Go through the following data and transcribe exactly the stretch of lines from the one holding "พื้นเมืองอเมริกันกลอง Handmade PU" to the one holding "Now, moving back", both included.

- _Exercise data_:
Content starts

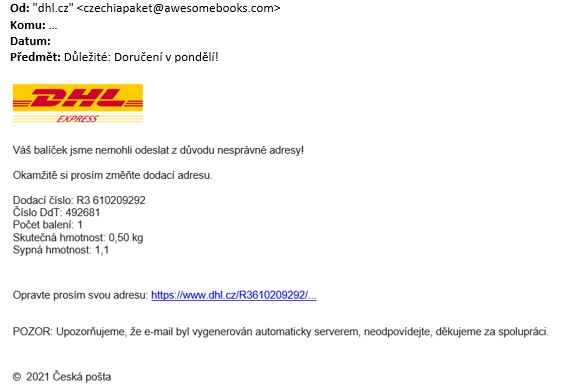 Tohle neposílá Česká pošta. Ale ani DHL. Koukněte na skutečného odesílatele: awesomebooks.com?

Content ends
Content starts

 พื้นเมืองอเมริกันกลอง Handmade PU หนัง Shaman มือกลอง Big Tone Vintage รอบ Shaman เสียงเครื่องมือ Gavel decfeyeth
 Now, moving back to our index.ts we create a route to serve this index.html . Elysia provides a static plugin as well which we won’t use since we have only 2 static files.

Content ends
Content starts

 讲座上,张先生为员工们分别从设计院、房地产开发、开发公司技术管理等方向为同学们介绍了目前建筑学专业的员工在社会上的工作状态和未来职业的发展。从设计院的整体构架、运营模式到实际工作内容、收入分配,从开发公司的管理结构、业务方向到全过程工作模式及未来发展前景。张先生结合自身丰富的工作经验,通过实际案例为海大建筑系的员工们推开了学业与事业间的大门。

Content ends

- _Answer space_:
 พื้นเมืองอเมริกันกลอง Handmade PU หนัง Shaman มือกลอง Big Tone Vintage รอบ Shaman เสียงเครื่องมือ Gavel decfeyeth
 Now, moving back to our index.ts we create a route to serve this index.html . Elysia provides a static plugin as well which we won’t use since we have only 2 static files.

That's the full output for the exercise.